Tumor Xenograft Experiment
We obtained 18 BALB/c-nude mice (6-7 weeks old, female) from Beijing Huafukang Bioscience Co. Inc. (Beijing, China). The mice were housed in an SFP room that was maintained at a constant temperature (23°C-25°C) and humidity (40%-50%). The mice were randomly divided into three groups (each group, n = 6). SiHa Cells were harvested and resuspended at 2× 107 cells/ml. Then, 0.2-ml aliquots were injected subcutaneously into the flank of each mouse. Tumor growth was measured using a Vernier caliper after 6 days from injection and then every 6 days. At the end of experiment, mice were killed and tumors were weighted. The volume was calculated with the following formula: V = (length × width2)/2.
Statistical Analysis
All replicates are true biological replicates. The Student's t test was used to analyze the statistical significance of the results. *P < .05 and ** P < .01 were considered statistically significant. Spearman correlation coefficients were used for relation statistics.
Results
Downregulation of miR-30e in Cervical Cancer Tissues and Cervical Cancer–Derived Cell Lines
We measured the expression of miR-30e in 30 human cervical cancer tissues and their counterparts using quantitative RT-PCR. MiRNA-30e exhibited apparently low level expression in cancer tissues relative to those of normal tissues (Figure 1A).
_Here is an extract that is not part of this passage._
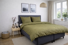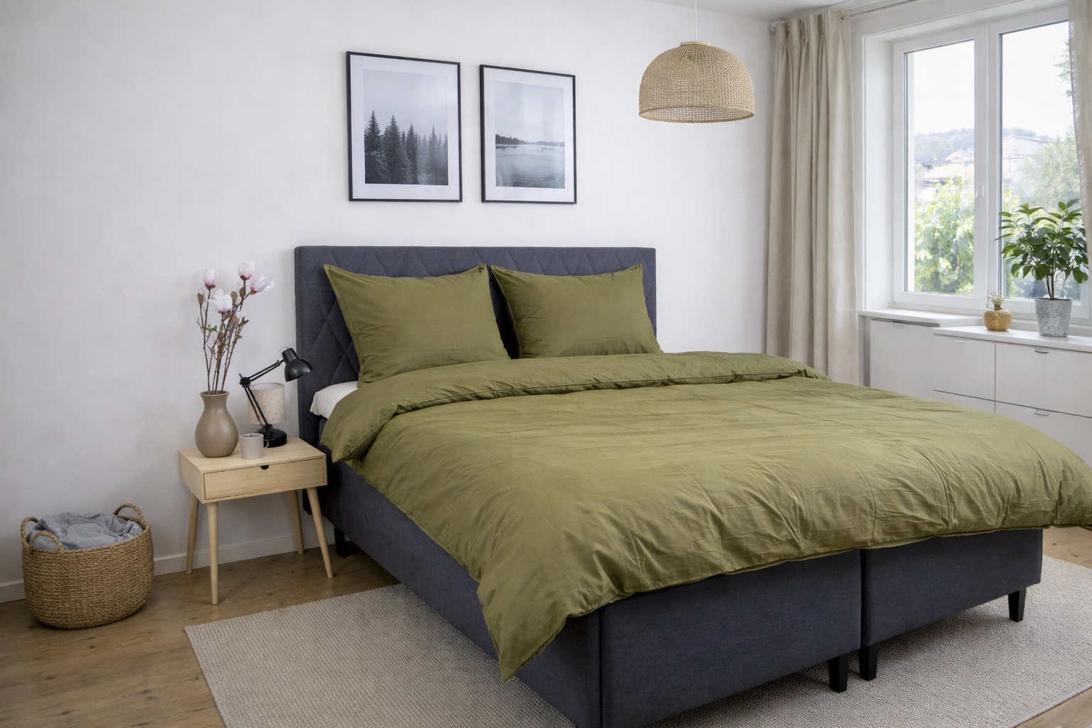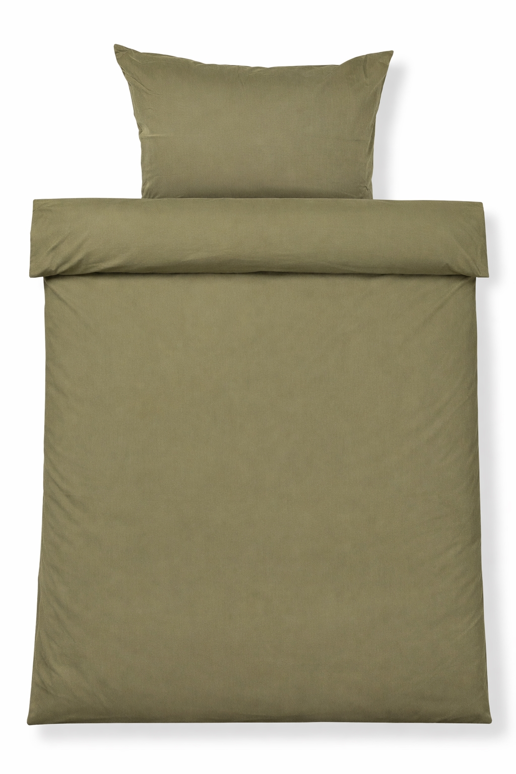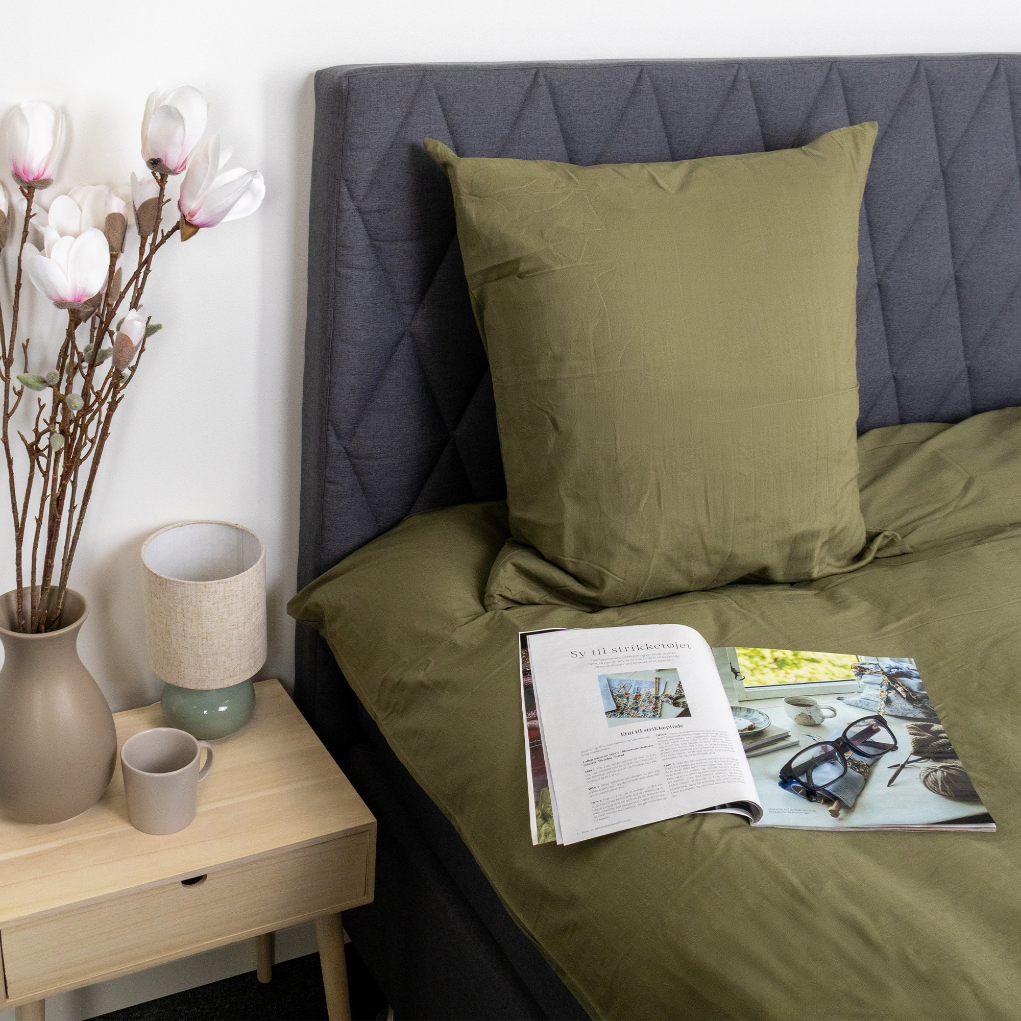 Dekbedovertrek en kussenslopen worden gesloten met een verborgen binnenrits, wat zorgt voor een strakke uitstraling en het wisselen van beddengoed gemakkelijk maakt. De groene tint en het effen design maken het beddengoed eenvoudig te combineren met zowel lichte als donkere elementen in de slaapkamer.

Moreover, we tested the miR-30e expression in one normal epithelial cell line, Hacat, and three cervical cancer–derived cells, including HeLa, SiHa, and Caski. Our data showed that miR-30e was downregulated in cervical cancer cells relative to normal epithelial cell (Figure 1B). The results imply that miR-30e is reduced in cervical cancer tissues and may be serve as antitumor gene involved in cervical carcinogenesis.
Figure 1.
Expression of miR-30e mRNA in cervical tissues and cell lines. (A) qRT-PCR of miR-30e relative to U6 expression in cervical cancer and normal tissues. (B) qRT-PCR of miR-30e relative to U6 expression in immortalized cervical epithelial cell line and cervical cancer cell lines. *P < .05, **P < .01, Student's t test. The experiment was repeated at least three times.
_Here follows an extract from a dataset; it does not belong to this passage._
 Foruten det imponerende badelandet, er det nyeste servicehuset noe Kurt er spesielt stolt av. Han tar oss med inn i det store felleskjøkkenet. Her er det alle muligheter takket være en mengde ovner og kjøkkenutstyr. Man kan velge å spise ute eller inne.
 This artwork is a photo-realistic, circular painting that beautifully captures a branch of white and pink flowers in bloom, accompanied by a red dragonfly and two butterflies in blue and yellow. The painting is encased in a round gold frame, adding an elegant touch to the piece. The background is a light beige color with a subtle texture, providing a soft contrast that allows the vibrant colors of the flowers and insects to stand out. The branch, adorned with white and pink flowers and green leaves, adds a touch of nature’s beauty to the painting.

MiR-30e Inhibits Proliferation and Invasion Ability of SiHa and Caski Cells
In order to test the effect of miR30e in cervical cancer, firstly, we transfected miR-30e mimics and control to SiHa and Caski cells and detected miR-30e level by real-time PCR. Our data showed that the miR-30e expression level was obviously increased in miR-30e mimics–transfected group compared to NC group (Figure 2A). Next, we used MTT assay to determine the effect of miR-30e on cell viability. Cells transfected with miR-30e had decreased cell viability (Figure 2, B and C). Consistent with this result, we confirmed the effect of miR-30e on the long-term proliferative capacity of SiHa and Caski cells with colony formation. The colony numbers of above-mentioned cells with miR-30e mimics were both decreased relative to control group (Figure 2D). Furthermore, EdU assay was used to analyze effect of miR-30e on the cell proliferation of SiHa and Caski cells. Overexpression of miR-30e resulted in a reduced number of SiHa and Caski cells compared to the NC group (Figure 2, E and F). In addition, we observed that invasion ability of SiHa and Caski cells was suppressed after overexpressed miR-30e (Figure 2, G and H). These results demonstrate that miR-30e can repress the growth of cervical cancer cells.
Figure 2.
MiR-30e represses proliferation and colony formation of SiHa and Caski cells. (A) miR-30e mimics or NC was transfected into the cells, and qRT-PCR was performed to determine miR miR-30e expression. (B) The effects of overexpression or knockdown of miR-30e on SiHa cell growth viability. (C) The effects of overexpression or knockdown of miR-30e on Caski cell growth viability. (D) Effect of miR-30e on cell proliferation was determined by colony formation assays in SiHa and Caski cells. (E, F) Effect of miR-30e on cell proliferation was determined by EdU assays in SiHa and Caski cells, respectively (scale bar = 100 μm). (G, H) Cell invasion. *P < .05, **P < .01, Student's t test. The experiment was repeated at least three times.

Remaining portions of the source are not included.